Friday 31 March 2017

Visualising a lot

This post is about visualising 'a lot', because it's something I've been thinking about as I write part of a book on GIS. The basic idea I'm exploring here is that when you have a dataset and want to somehow simply visualise 'a lot' - e.g. because the volume of data seems overwhelming - then there are different ways to approach it. For example, if you had millions of points on a map, you could use a hex-binning technique to give a standardised per-area figure, or you could do some kind of visual aggregation or summary in chart form. Or, to convey 'a lot' as a kind of visual device, you could perhaps just do a visual data dump, as I did in this example. Today's 'lot' is from the Gun Violence Archive dataset for the United States in 2015, compiled and released by The Guardian and collated by the Gun Violence Archive. I opted for a fast animation to visualise 'a lot', which I have now updated with a running total (in yellow). Let's go straight to the gif now, showing all gun homicides, one frame per day, for 2015 (and fast - 10 frames per second).

It's supposed to be overwhelming - click it for full size

When I looked at the original dataset at first, which includes, more than 13,000 gun deaths, my immediate thought was 'that's a lot'. All things are relative, of course, but in a global context it's hard to argue against this, particularly when you compare the data to other developed nations. The dataset has precise lat/long details for each incident and also the date and number killed and injured. I then summarised the data by day, plotted the locations as single points and then created 365 frames for this animated gif. It's not supposed to be readable at the micro scale of individual days or incidents, because I wanted to focus attention on the volume of data. A video version that you can pause or play more slowly is embedded below. I also did a slightly slower animated gif, at 5 frames per second, which of course is still somewhat overwhelming, shown below. Update: I have also added a cumulative version, prompted by Simon Rogers, and thanks to a bit of help from Ian Turton.
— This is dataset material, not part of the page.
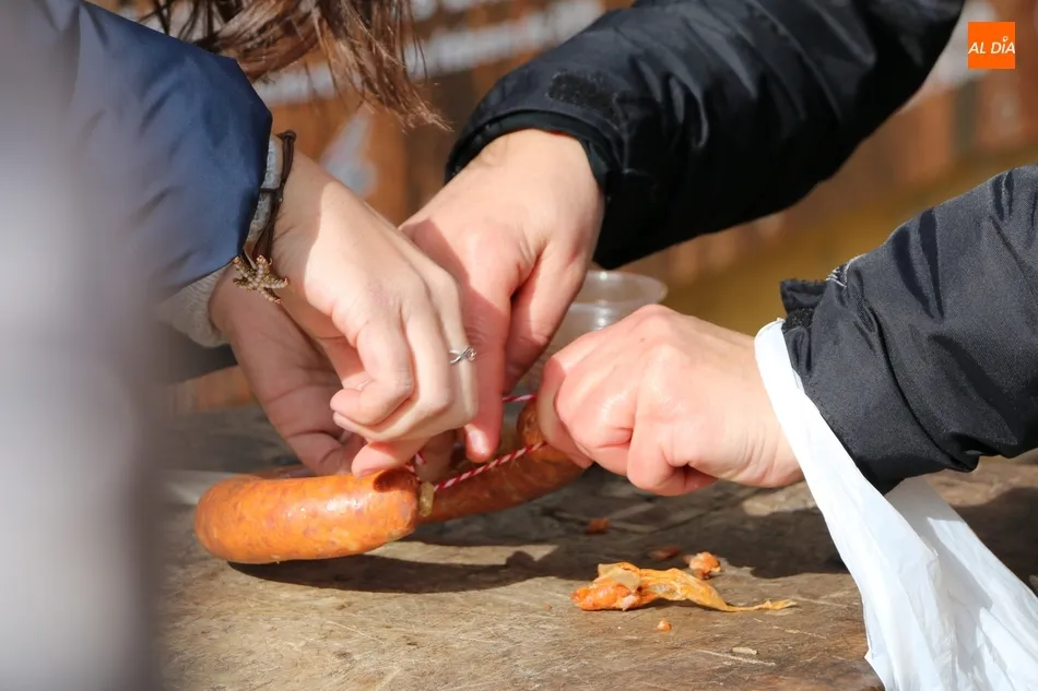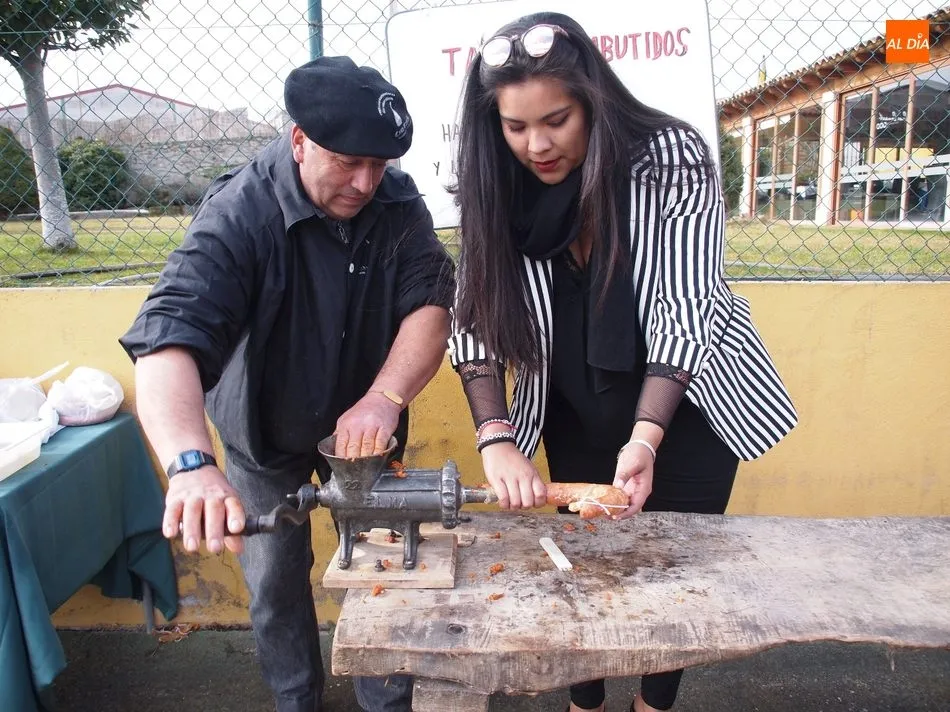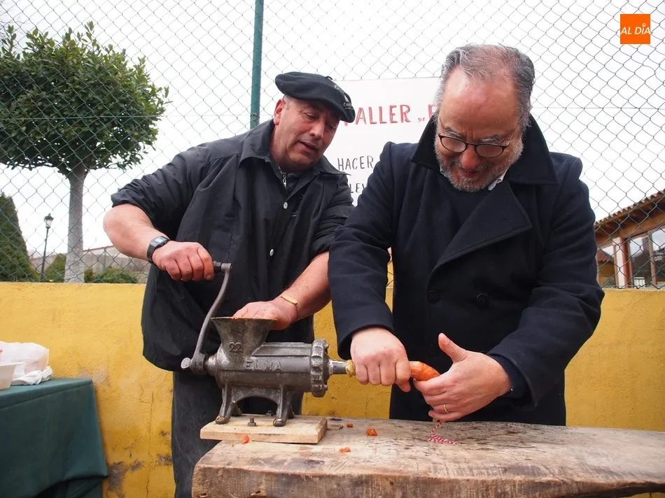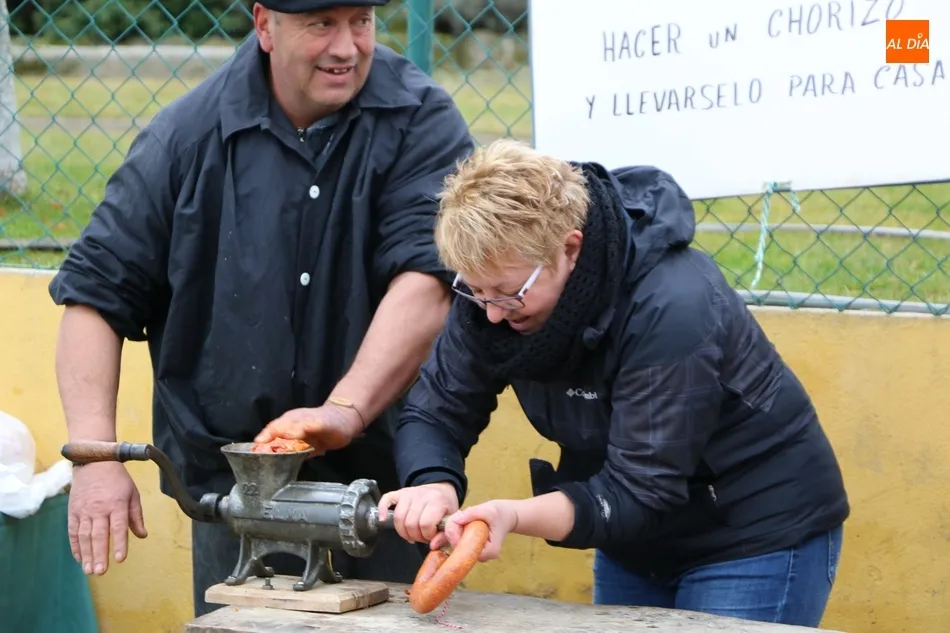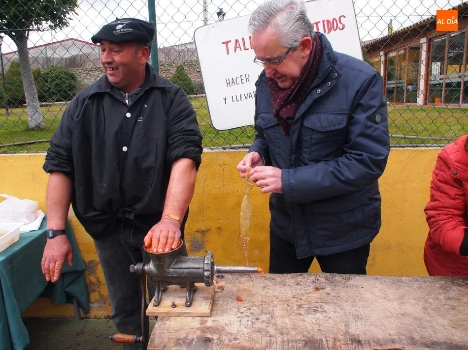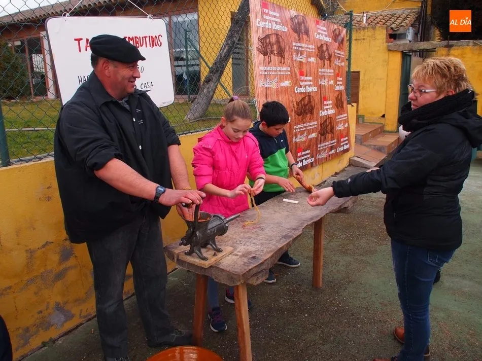 Entre tanto, el público asistente pudo degustar el vino de la DO Ribera de Duero, Tinto Roa Crianza, con costilla asada o chichas, mientras los más pequeños conocían su primer chorizo en la máquina de embuchar.

This is the same as above, but a little slower (73 seconds in total)

In this version, it's cumulative - click to enlarge and start from beginning

The individual frames were created in QGIS and in relation to the max and min values per day you can see those below. The largest number of gun deaths in a single day in 2015 was on July 5th and the lowest was on May 22nd. The mean number killed per incident was 1.12 and the mean per day in 2015 was 35.8 (for a total of 13,067).

The peak month overall in 2015 was also July

This was the only day that the number killed was below 20

There are just over 11,600 incidents recorded in the database but it's quite difficult to get your head around at a national scale. The Guardian already published some great localised mapping of this data, if you're interested. With this example I was just trying to experiment with ways that quickly and simply convey the idea of 'a lot'. The fast animation using thousands of data points is one way of doing this. It's designed with repetition and replay in mind, and the point is not to highlight individual datapoints or days, but to create a kind of cognitive mash where the end result is that you can take away some detail - e.g. most days have between 20 and 50 gun deaths - and also see the locations do, as you'd expect, mirror underlying population patterns. But only to a point. If you look closely you can see that some places are over or under-represented.
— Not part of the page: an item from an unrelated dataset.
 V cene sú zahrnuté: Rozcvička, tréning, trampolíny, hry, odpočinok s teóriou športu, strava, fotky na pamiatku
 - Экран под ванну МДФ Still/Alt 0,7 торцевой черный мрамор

There are many ways to powerfully visualise this kind of data, including much more nuanced interactive methods of the kind produced by FiveThirtyEight. My approach here is non-interactive on purpose, but of course it is less visually appealing too. But then I also think that making something beautiful out of something so ugly is not what I want to be doing. All I wanted to achieve was to highlight the volume in the data in a way that anyone could understand and by using one frame per day and plotting the location points I think I'm just about there.

If you're interested in looking at any of the individual frames for a given day, take a look at the Google Drive folder below. You can see individual dates to the top left of each image and also in the file name of each image.

See all 365 individual days here

Notes: in the Guardian's original csv, I found that the date formats were a bit messed up, so I fixed this and added in some new, corrected date fields to the right of the spreadsheet. I also added in individual columns for day and month. I'm not a gun campaigner, this was just an interesting dataset for me to use. If you have any questions, feel free to get in touch. This data covers homicides only, no suicides. I updated this post on 5 April 2017, to include cumulative totals in the maps. Updated again on 10 April 2017 to include a cumulative version. It looks a bit ugly at the end but then it's a pretty 'ugly' dataset. I thought this was another interesting way of displaying the data.